Second, Gemma 4 31B scores 37% at $0.14 per task while Claude Opus 4.7 scores 47% at $5.38 per task. That is a 36× cost difference for a 10-point accuracy gap. Whether that trade-off makes sense depends on your deployment context.


The turns finding

Gemini 3.1 Pro Preview averages 83 investigation turns and scores 30%. GPT-5.5 averages 31 turns and scores 46%.

More turns do not produce better diagnoses. The pattern the benchmark team observed: models that over-investigate surface upstream error signals and co-occurring anomalies, treating correlated events as separate root causes and submitting them as candidates. This inflates false positives and drags precision down. The model that issues 31 focused turns and stops is more accurate than the one that issues 83 exploratory turns and accumulates noise.

This is a significant finding for builders designing agent harnesses. Imposing a turn budget — or training agents to converge and submit rather than continue searching — may improve outcomes more than upgrading the underlying model.

The benchmark caps agents at 100 turns. The models that use that budget fully tend to underperform.


What the results mean for builders deploying SRE agents

No model is ready to run autonomous SRE. A 47% task completion rate means the best available model fails more than half of incidents when acting alone. Production SRE requires a human-in-the-loop or a tiered architecture where the agent handles structured triage and a human validates the root-cause claim before action.

Triage and initial scoping are viable. The benchmark tasks require full root-cause identification with no false positives. A model can still provide high value by narrowing the search space — surfacing the relevant subsystems, filtering out noise alerts, and presenting a short candidate list for human review — even if it cannot consistently nail the final answer autonomously.

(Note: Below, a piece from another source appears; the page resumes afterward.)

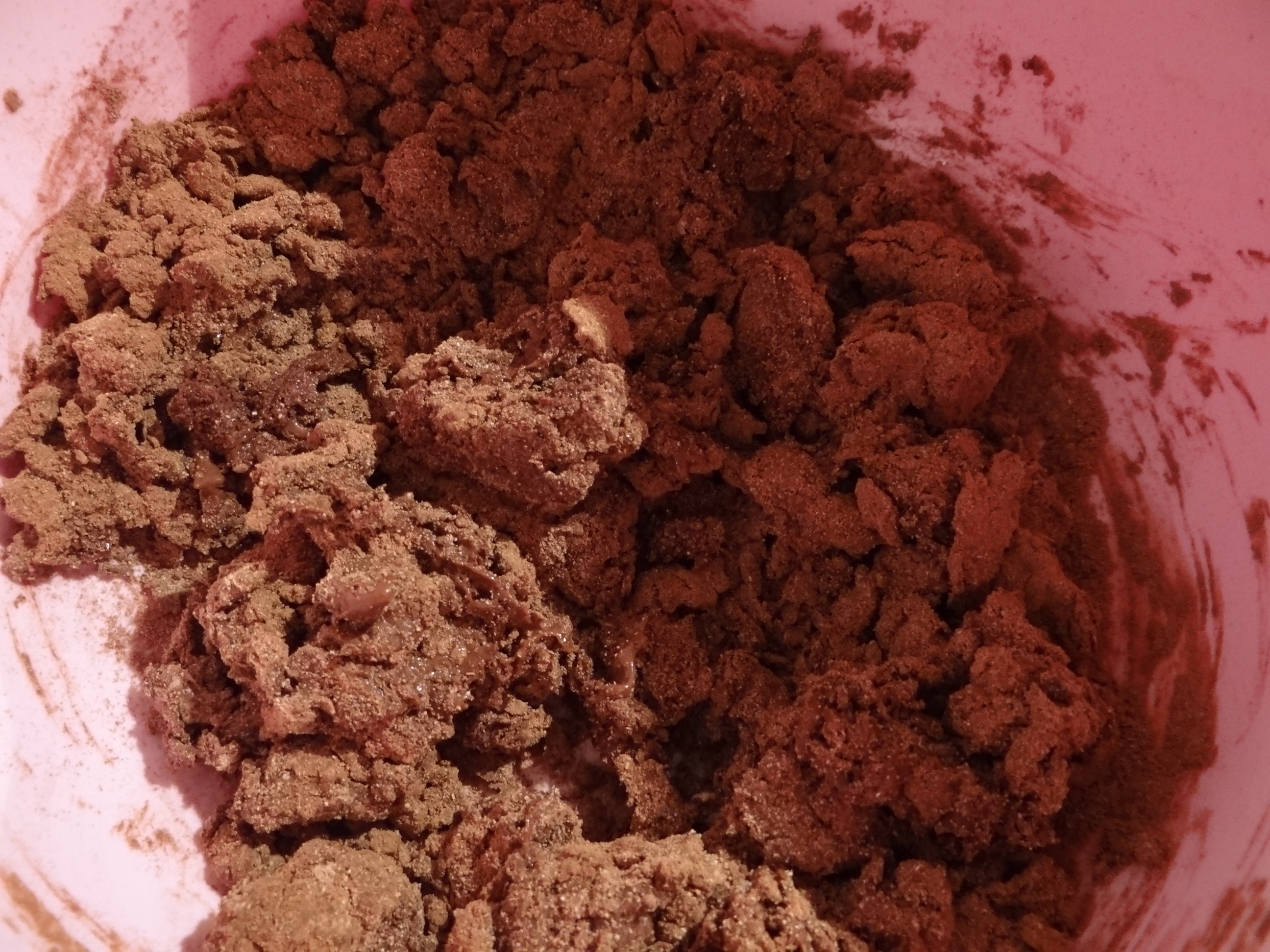 Alles mit einem Löffel vermengen, bis ein sehr klumpiger Streuselteig entstanden ist. Wenn er nicht klumpig genug sein sollte, dann gib einfach noch etwas mehr Kakao dazu.
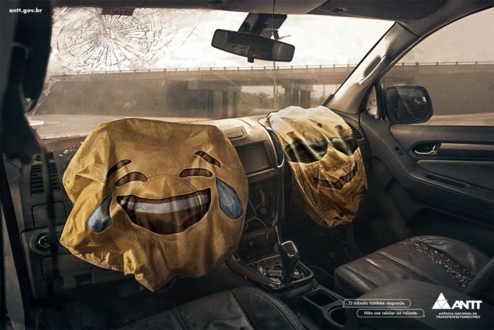 Esta campaña creada por el diseñador Maxwell Junior; es una impresionante fuente de sensibilización que busca reducir los accidentes por esta causa con ayuda de la Agencia Nacional de Transportes Terrestres de Brasil bajo el titulo: “El tráfico también responde. No utilice el móvil al volante“.

Turn discipline matters more than model size. Design your agent harness to converge. Give the agent explicit stopping criteria and penalize or limit continued investigation after a confidence threshold is reached. Based on the benchmark data, a focused shorter-turn agent outperforms a longer-exploring one.

Cost-performance options exist. If you are building an internal SRE tool and cost matters, Gemma 4 31B at $0.14/task with 37% accuracy is worth evaluating in your specific incident mix before defaulting to Opus 4.7 at $5.38/task. Run both against your own incident library and measure on the task types you actually face, not the leaderboard average.

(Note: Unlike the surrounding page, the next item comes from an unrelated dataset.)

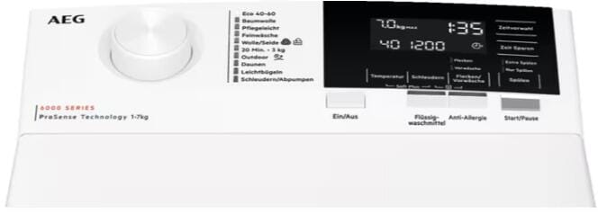 AEG LTR6A60370 7kg Toplader Waschmaschine, 40 cm breit, 1300 U./min, ProSense Mengenautomatik, SoftPlus-Option, weiß

The benchmark is expanding. Financial Operations and CISO task tracks are next. If your agents touch either of those domains, the methodology is worth understanding now: the same strict scoring (miss any root cause = 0) will apply, and the current results suggest those tracks will also show sub-50% performance across frontier models.

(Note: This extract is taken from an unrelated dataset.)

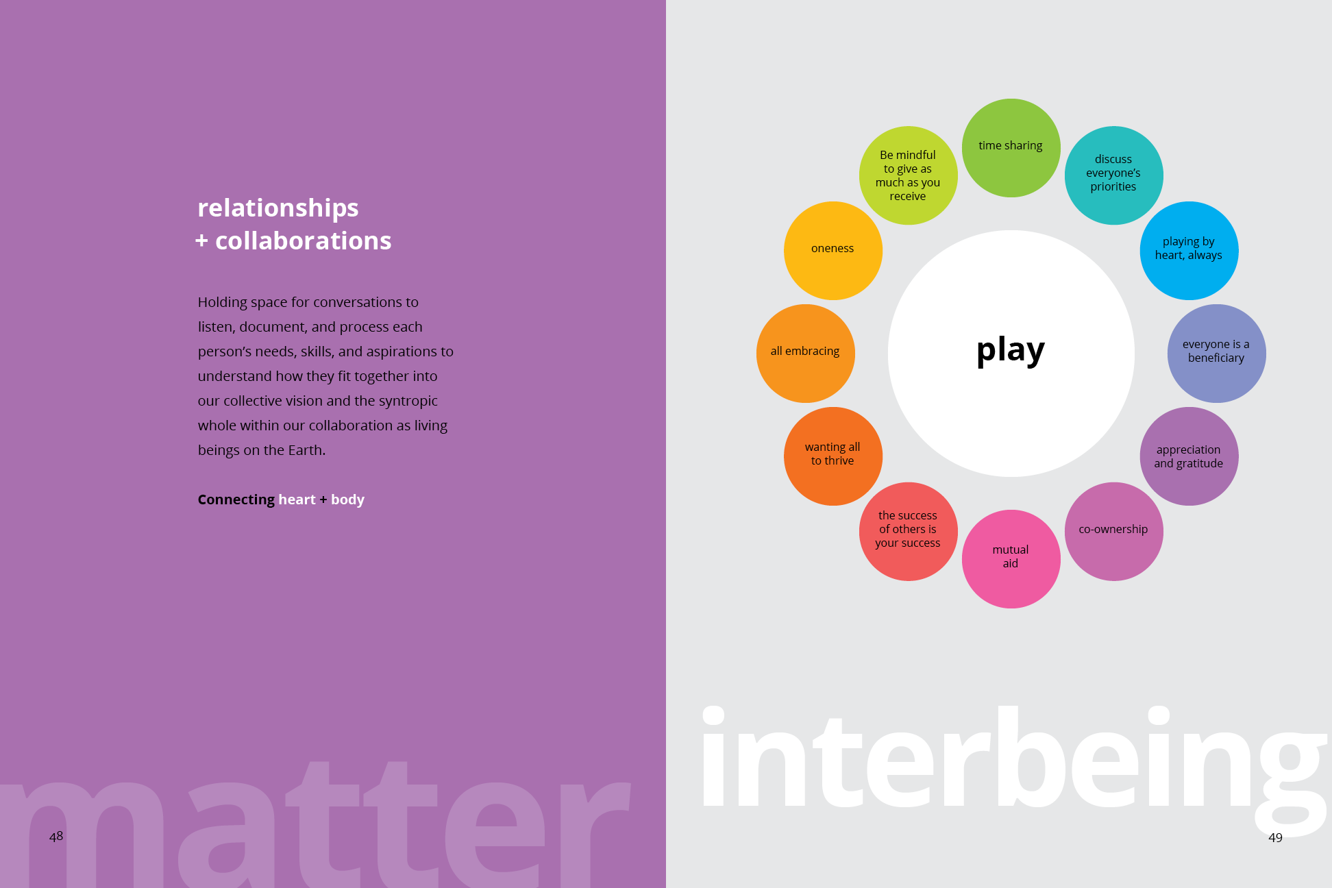 Holding space for conversations to listen, document, and process each person’s needs, skills, and aspirations to understand how they fit together into our collective vision and the syntropic whole within our collaboration as living beings on the Earth.

How to access and run the benchmark

The Stirrup framework used as the reference harness is open-source. The benchmark is designed for apples-to-apples comparisons: sandboxed environment, 100-turn cap, 3 repeats per task, consistent tooling across models.


The broader context

ITBench-AA fills a gap that has been uncomfortable for enterprise AI teams: there was no credible, independent, third-party evaluation of how AI agents actually perform on the messy, multi-signal diagnostic problems that characterize real IT operations. Synthetic benchmarks and vendor-reported demos do not capture the false-positive problem, the turn-efficiency problem, or the cost-performance trade-offs that matter in practice.

The results are sobering but useful. They set a calibrated baseline. They show that the problem is genuinely hard and that current agents need structural support — human review, turn constraints, escalation paths — to be production-deployable. They also show that open-weight models are competitive enough on cost-performance to warrant serious evaluation alongside proprietary options.

The next question the benchmark will answer: does the same pattern hold for FinOps and CISO tasks, or does model performance vary significantly by IT domain?